PEKANBARU -- Dari hasil Diskusi Publik Tersebab Asap yang diadakan Dinas Pendidikan dan Kebudayaan (Disdikbud) Riau, Kamis 1 Oktober 2015 kemarin, didapati kesepakatan peserta didik akan bersekolah selama Dua hari pada setiap pekannya.

Keputusan itu dimabil dalam rangka mengejar ketertinggalan pelajaran yang dialami oleh peserta didik di Provinsi Riau ini diakibatkan libur kabut asap yang hampir Dua bulan. "Peserta didik akan bersekolah pada Senin dan Selasa, saat sekolah itu, mereka akan diberikan modul pembelajaran dan tugas," jelas Kepala Dinas Pendidikan dan Kebudayaan Riau Dr H Kamsol, Jum'at 2 Oktober 2015.

Tentu saat bersekolah, peserta didik juga harus dijaga kesehatannya, karena itulah, Kamsol menjelaskan bahwa pihak swasta diminta partisipasinya dalam menyediakan masker bagi para peserta didik dan para guru.

"Ketika bersekolah, berdasarkan rekomendasi pihak kesehatan, peserta didik dan juga para guru harus menggunakan masker, karena itulah, kepada mereka akan diberikan masker, untuk hal ini peran swasta yang diharapkan," jelasnya.

Perhatian pihak swasta dalam memberikan masker salah satunya menurut Kamsol telah dilakukan oleh PT Riau Andalan Pulp and Paper, dimana pada Jum'at 2 Oktober 2015, Direktur PT RAPP Rudi Fajar didamping SHR Manager RAPP untuk Pekanbaru, Roni Hasfikar menyerahkan bantuan 11 ribu masker kepada Disdikbud Riau.

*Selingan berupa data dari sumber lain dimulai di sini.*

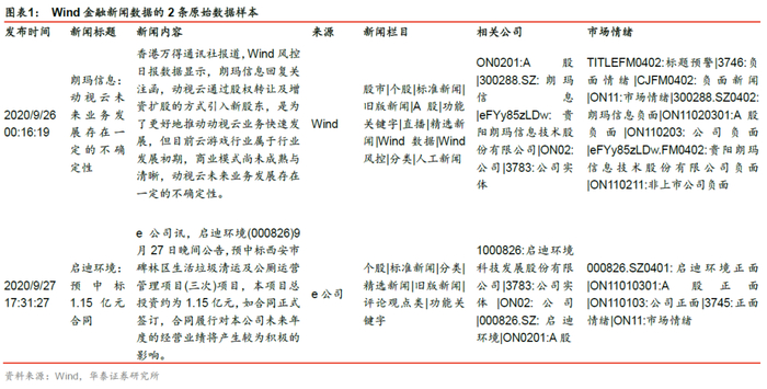 图表1为Wind金融新闻数据库中的2条原始数据样本。
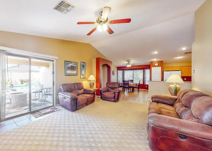 If you feel like dining onsite, there is an equipped kitchen with a fridge, a kitchenware, and glassware. Guests can dine at Senor Taco located in close proximity to the Goodyear accommodation. Phoenix Goodyear airport is reachable within a 15-minute drive from the villa. Good Times In Goodyear Villa has a patio to relax on after a busy day, along with a private pool.
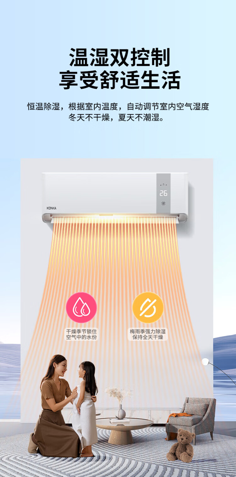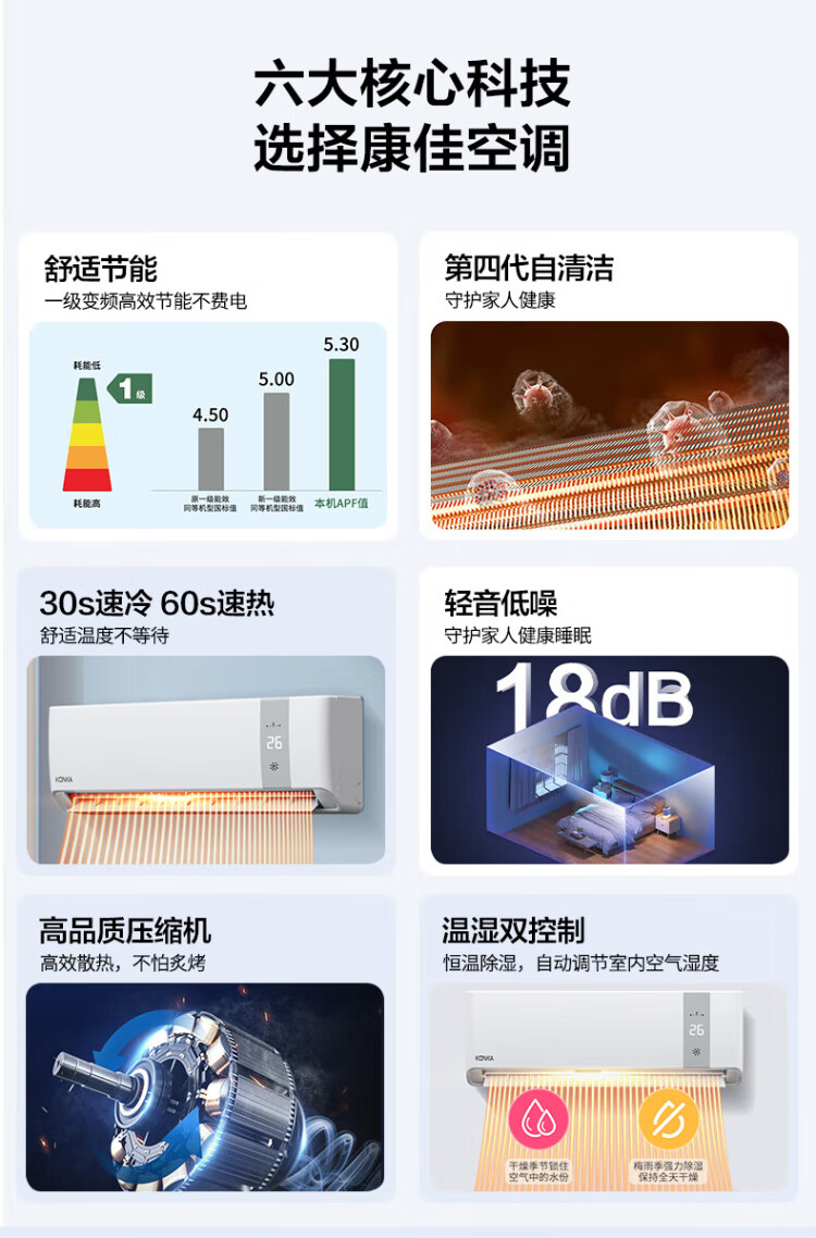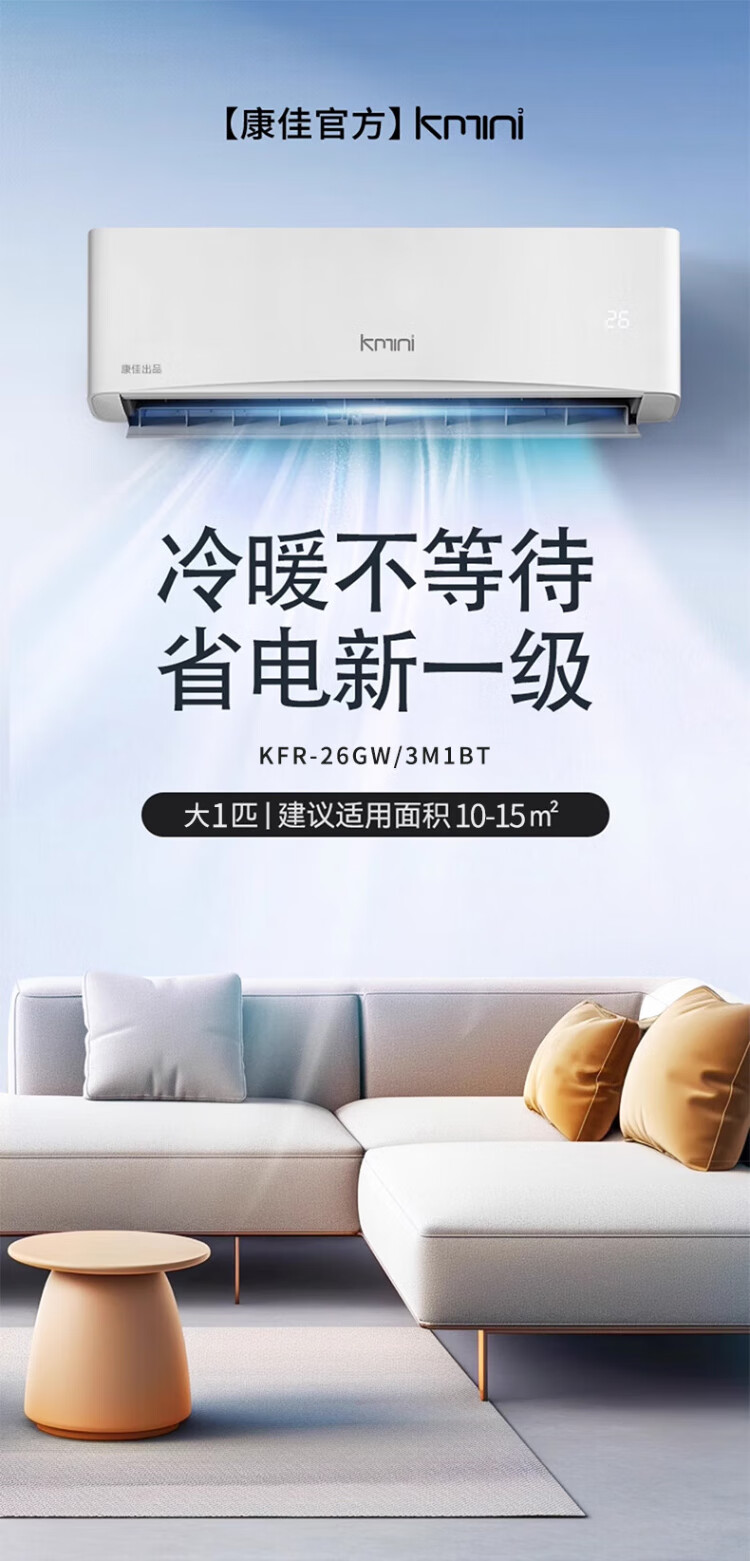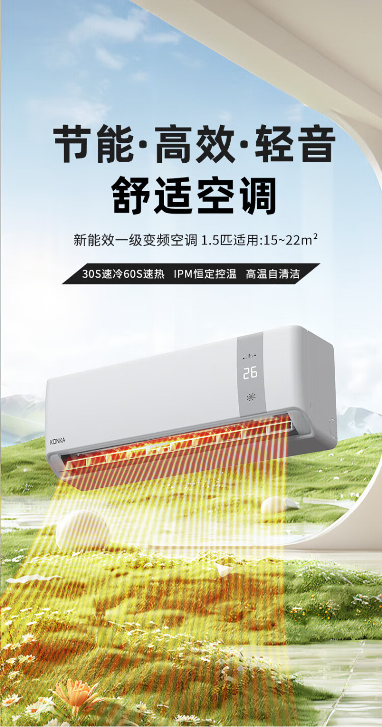 KONKA air conditioner 1 hp/1.5 hp/2 hp, variable frequency heating and cooling, first-class energy efficiency, pure copper tube, old for new, independent dehumidification, energy saving, household commercial wall-mounted air conditioner, KMINI large 1.5 hp, first-class energy efficiency, saving 30% electricity
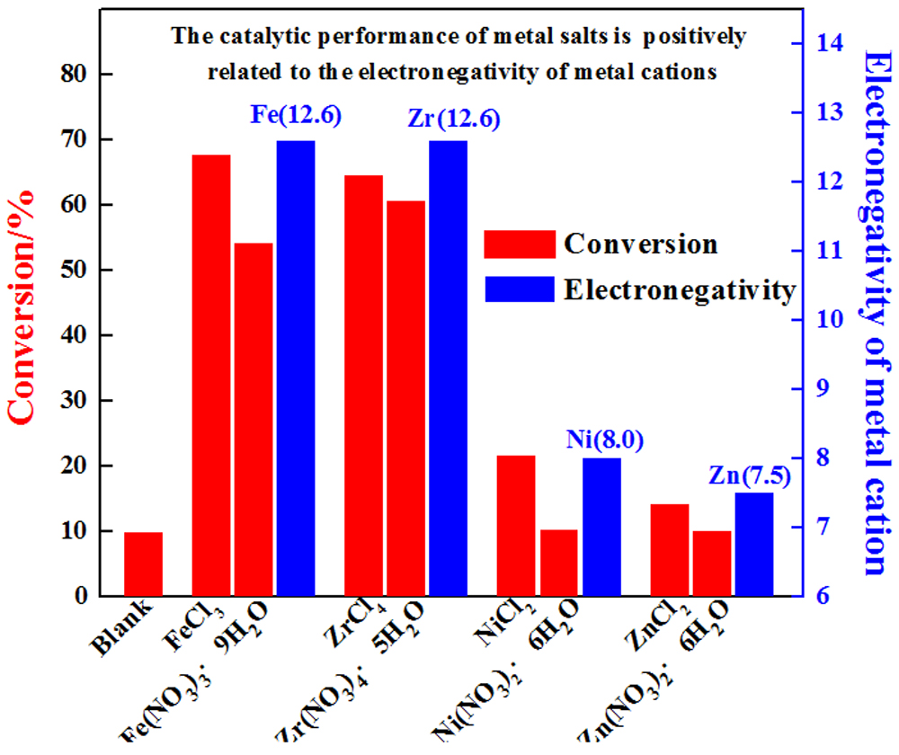 Metal salts with highly electronegative cations have been used to effectively catalyze the liquid-phase nitration of benzene by NO2 to nitrobenzene under solvent-free conditions. Several salts including FeCl3, ZrCl4, AlCl3, CuCl2, NiCl2, ZnCl2, MnCl2, Fe(NO3)3·9H2O, Bi(NO3)3·5H2O, Zr(NO3)4·5H2O, Cu(NO3)2·6H2O, Ni(NO3)2·6H2O, Zn(NO3)2·6H2O, Fe2(SO4)3, and CuSO4 were examined and anhydrous FeCl3 exhibited the best catalytic performance under the optimal reaction conditions. The benzene conversion and selectivity to nitrobenzene were both over 99%. In addition, it was determined that the metal counterion and the presence of water hydrates in the salt affects the catalytic activity. This method is simple and efficient and may have potential industrial application prospects.
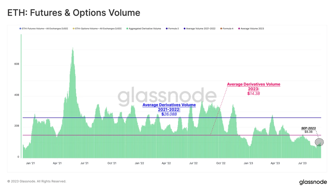 衍生品市场的风险偏好下降。23 年 ETH 期货市场活动明显低于 21-22 年水平,平均日交易量已降至过去两年的一半。现货市场资金持续外流,衍生品市场流动性持续下降。总体而言,投资者似乎对重返市场犹豫不决。
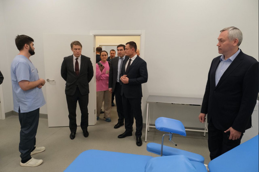 10.12.2023 Михаил Мурашко и Андрей Травников оценили условия в новой поликлинике Краснообска перед открытием
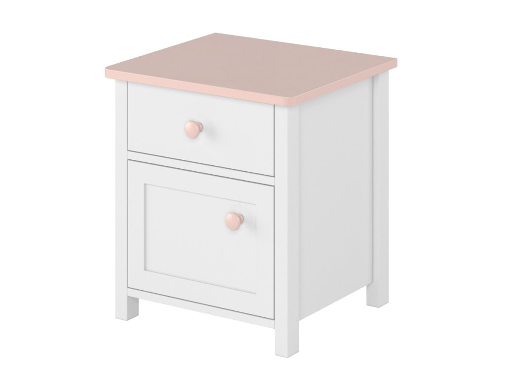 Noční stolek PIXIE 07 je elegantním a praktickým doplňkem do dětského pokojíčku malé princezny i větší slečny. Vyroben je z desky LTD v klasické bílé barvě s jemnými růžovými doplňky, které dodávají prostoru hravý a romantický vzhled.
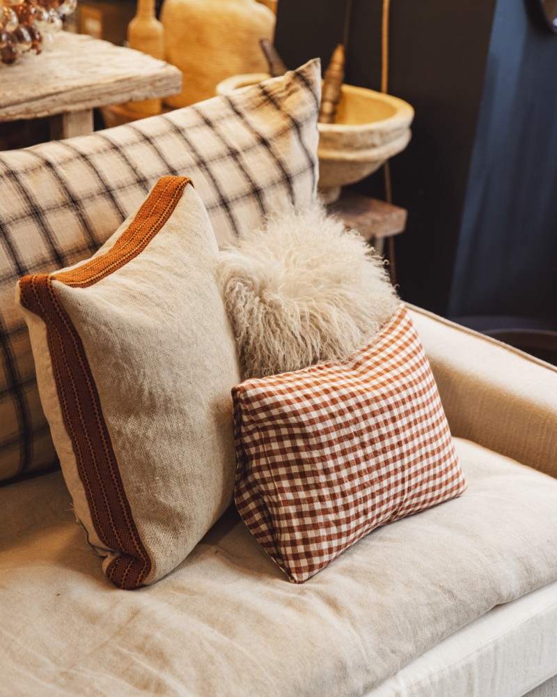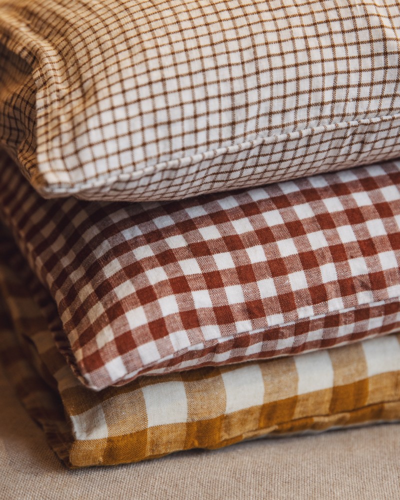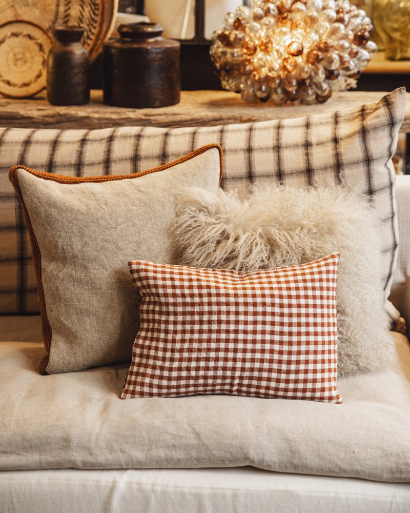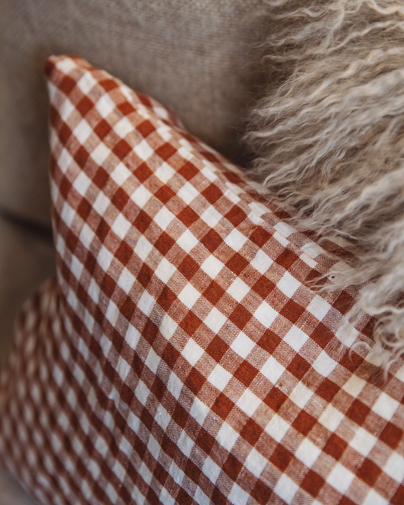 Housse de coussin en lin - Vichy brique
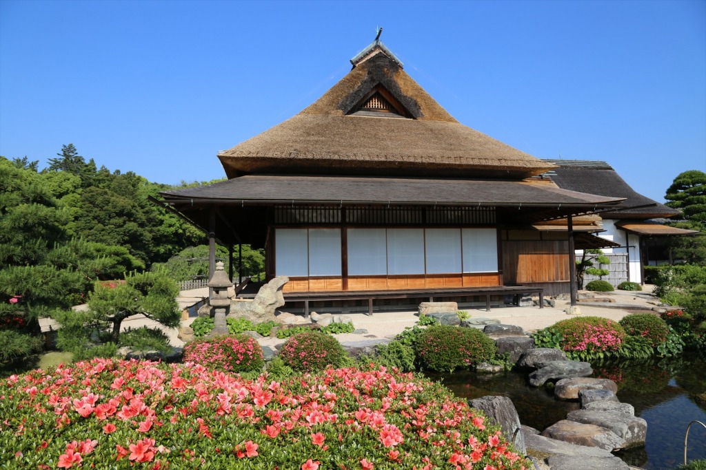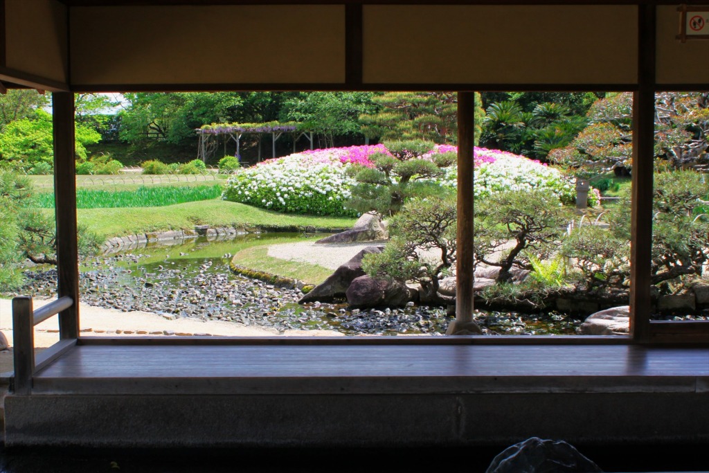 5月下旬から6月上旬にかけて朱色やピンクの花を咲かせるサツキ。延養亭や唯心山との組み合わせは岡山後楽園の代表的景観です。
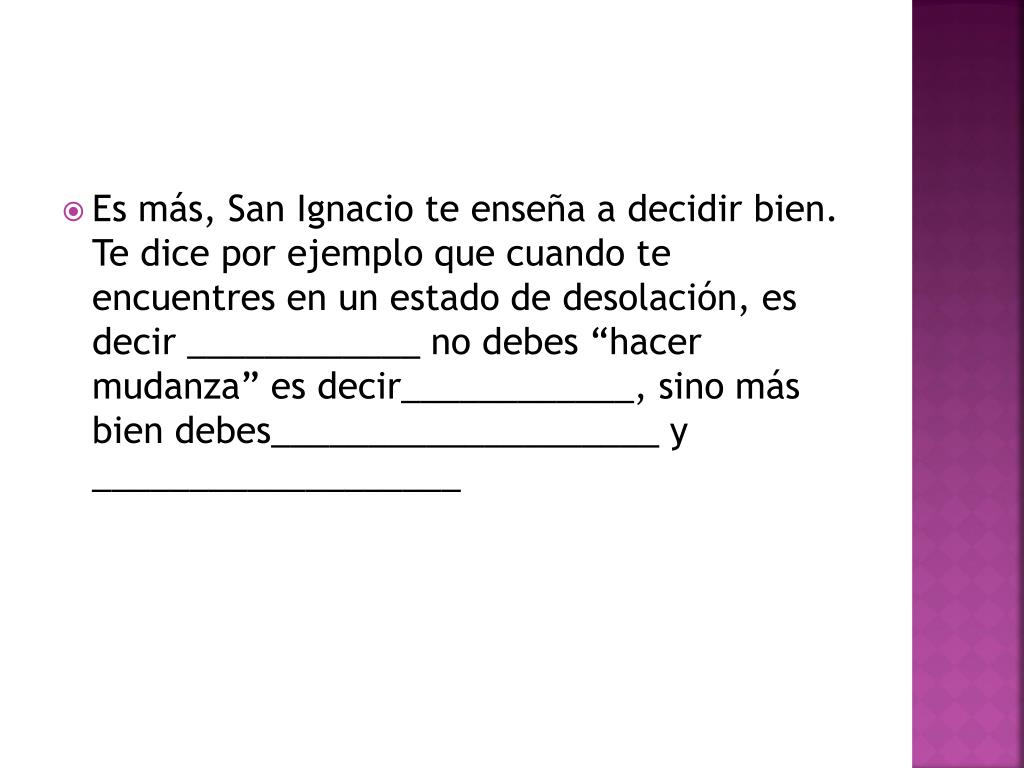 Es más, San Ignacio te enseña a decidir bien. Te dice por ejemplo que cuando te encuentres en un estado de desolación, es decir ____________ no debes “hacer mudanza” es decir____________, sino más bien debes____________________ y ___________________
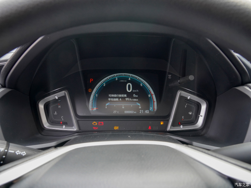 方向盘为三辐样式设计,握感比较细腻,大小也适中。燃油版最低配车型的仪表盘样式为机械指针+单色行车电脑,而燃油版中高配以及混动版车型仪表盘则采用了7英寸彩色TFT多功能信息显示屏。混动版的7英寸液晶仪表不再显示发动机转速了,取而代之的是动力输出状态和其它行车信息。
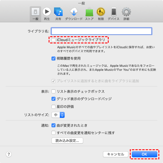 iTunesで「編集」をクリック>「環境設定...」を選択>プロンプトウィンドウで「一般」を選択>「iCloudミュージックライブラリ」の横にあるボックスにチェックを入れる>「OK」をクリックして確認します。
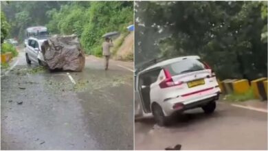 स्वास्थ्य विभाग की टीम की कार पर पहाड़ से गिरा बोल्डर
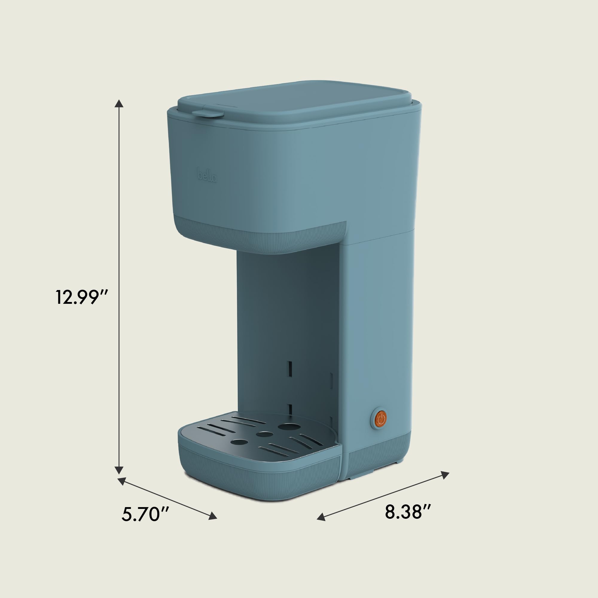 Introducing the bella Single-Serve Coffee Maker, the perfect blend of convenience and style for your morning routine. This compact and powerful 1000-watt machine brews single servings of coffee from 6oz to 14oz, letting you customize your cup just the way you like it. Whether you prefer coffee pods or freshly ground coffee, the bella automatic coffee machine has you covered with a coffee pod adapter and a reusable coffee grounds filter, giving you the flexibility to brew your favorite flavors. Designed with your busy mornings in mind, the adjustable drip tray easily accommodates travel mugs up to 7” tall, so you can brew and go with ease. The slim profile of our barista coffee machine fits neatly on any countertop, and the cord tie feature keeps your space tangle-free and organized. With just one touch, you can enjoy a fresh, hot cup of coffee, while the carefree auto shut-off gives you peace of mind when you’re rushing out the door. Available in four chic bella colors—Oatmilk, Surf, Plum, and Blossom—this portable coffee maker for travel not only delivers on performance but also adds a touch of modern elegance to your kitchen. Whether you’re a coffee enthusiast or just need a quick caffeine fix, the bella single coffee maker makes every brew simple, stylish, and satisfying.

"Apa yang dilakukan PT RAPP ini tentu sangat mendukung rencana kita dalam kebijakan menyekolahkan mereka selama Dua hari dalam satu pekan. Dan ini hendaknya bisa diikuti oleh perusahaan-perusahaan lainya," kata Kamsol.
 
Sementara Rudi Fajar menyebut, dari 11 Ribu masker yang diserahkan, 10 ribu pc merupakan masker jenis Sensi dan Seribu pc masker jenis N95. Bantuan ini sebagi bagian kepedulian PT RAPP dalam membantu masyarakat khususnya pada bidang pendidikan, agar bisa tetap berjalan.